Par lettre du 30 avril 2020, la société a notifié à M. [B] la rupture de la promesse adressée le 17 février 2020.
Le 20 juillet 2020, M. [B] a saisi le conseil de prud'hommes de Nanterre aux fins de constater l'existence d'un contrat de travail entre les parties, de contester la rupture du contrat de travail à durée déterminée et en paiement de diverses sommes de nature salariale et de nature indemnitaire.

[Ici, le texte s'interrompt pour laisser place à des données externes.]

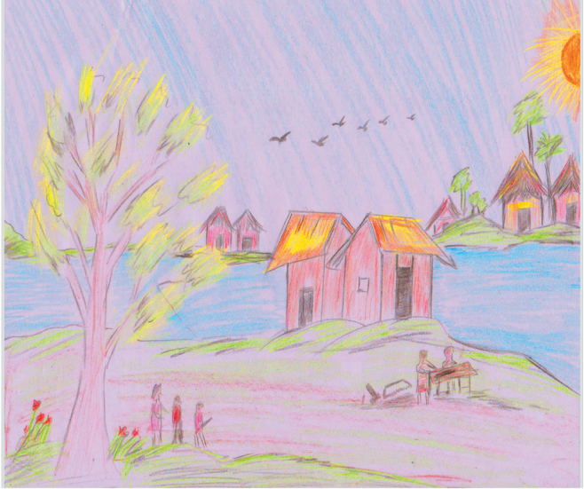
ഇറ്റലിയിലെ ബോവീസിയോ എന്ന ഗ്രാമം

Par jugement du 23 juin 2022, le conseil de prud'hommes de Nanterre (section encadrement) a :
. dit que M. [B] et la société Vidéo plus étaient liés par un contrat de travail à durée déterminée
. dit que le contrat de travail a été rompu pour un cas de force majeure à compter du 30 avril 2020
. condamné la société Vidéo plus à verser à M. [B] les sommes suivantes :
. 5 280 euros bruts au titre des dommages et intérêts pour rupture abusive pour la période du 16 mars 2020 au 30 avril 2020
. 528 euros au titre de l'indemnité de fin de contrat
. 1 000 euros au titre de l'article 700 du code de procédure civile
. débouté M. [B] de ses autres demandes
. dit que les sommes porteront intérêt au taux légal pour les créances de nature salariale à compter de la réception de la convocation devant le Bureau de Jugement par le défendeur, soit le 28/07/2021 et à compter de la présente décision pour les autres sommes allouées,
. ordonné la capitalisation des intérêts dès lors qu'une année entière sera écoulée
. débouté la société Vidéo Plus de sa demande reconventionnelle
. condamné la société Vidéo Plus aux éventuels dépens.
Par déclaration adressée au greffe le 7 juillet 2022, M. [B] a interjeté appel de ce jugement.
Une ordonnance de clôture a été prononcée le 23 avril 2024.
PRÉTENTIONS ET MOYENS DES PARTIES
Vu les dernières conclusions transmises par voie électronique le 24 mars 2024, auxquelles il est renvoyé pour plus ample exposé des moyens et prétentions conformément à l'article 455 du code de procédure civile et aux termes desquelles M. [B] demande à la cour de :
. infirmer le jugement rendu par le conseil de prud'hommes de Nanterre le 23 juin 2022 en ce qu'il a:
. dit que le contrat de travail a été rompu pour un cas de force majeure à compter du 30 avril 2020,
. condamné la société Vidéo Plus à verser à M. [B] les sommes suivantes :
. 5 280 euros bruts au titre des dommages et intérêts pour rupture abusive pour la période du 16 mars 2020 au 30 avril 2020,
. 528 euros au titre de l'indemnité de fin de contrat,
. 1 000 euros au titre de l'article 700 du code de procédure civile,
. débouté M. [B] de ses autres demandes.